Нет, не стоит мне говорить о нем дурно. В Слайго он обходил всю свою паству, заглядывал и в мрачные городские дома, где обнищавшие одинокие старики жили на одних консервированных бобах, и в грязные хижины на берегу реки, которые сами походили на древних изголодавшихся стариков, с прогнившей черепицей волос и маленькими безучастными и темными окошками глаз. Да, туда он ходил тоже и никогда не унес с собой ни единой блохи, ни единой гниды. Он был чище, чем луна ясным днем.

Но этот маленький чистенький человек во гневе был похож на острый серп: трава, чертополох и все корешки человеческой природы падали под его лезвием. Отцу довелось в этом убедиться.

Вышло это вот как.

Как-то вечером мы с отцом сидели у него в часовенке, приготовляясь уже идти домой, к вечернему чаю, и вдруг заслышали за старой железной дверью какой-то шорох и бормотание. Отец глянул на меня, напрягшись, как собака, которая вот-вот залает.

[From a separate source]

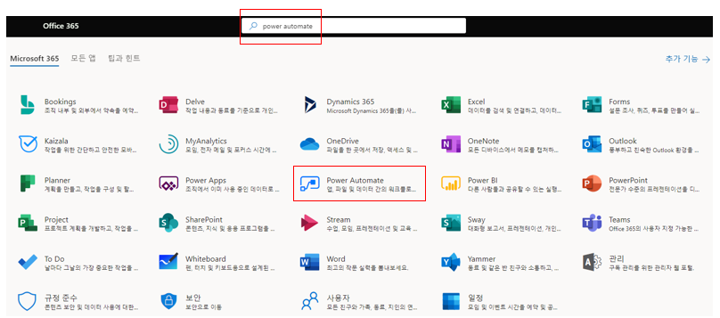 PowerAutomate 앱이 보이지 않는 경우, 아래와 같이 검색을 하셔도 됩니다.

– Ну, что там еще? – спросил он скорее сам себя.

Ввалились трое мужчин, неся на руках четвертого, и будто бы их самих несла какая-то невидимая сила, сила, которая выдернула меня из-за стола, я не успела опомниться, как вжалась в стену, чувствуя, как сырая известь трется о мое школьное платье. Они влетели, как маленький ураган. Все совсем еще мальчики, и тому, кого они несли, я бы не дала больше семнадцати. Это был довольно красивый долговязый парень, в потрепанной одежде, весь вымазанный грязью, болотной тиной и кровью. Вся рубашка у него была залита поблекшей кровью. Было ясно, что он мертв – мертвее не придумаешь.

Остальные парни шумели и говорили без умолку – наверное, истерически, и из-за этого во мне самой стала подыматься истерика. Отец, однако, мрачно стоял подле жаровни, как человек, который пытается скрыть свои чувства – на лице не прочтешь ни единой эмоции, но в то же время, как мне показалось, внутренне готовясь в случае чего действовать решительно. Потому что у всех троих были старые ружья, а из карманов торчало и другое оружие, засунутое туда кое-как, будто бы его собирали впопыхах после стычки. Я знала, что на войне оружие было самой ходовой валютой.

– Что это вы удумали, парни? – спросил отец. – Сюда, сами знаете, покойников приносят не так, тут свой порядок, нельзя просто притащить сюда мальчишку. Помилосердствуйте!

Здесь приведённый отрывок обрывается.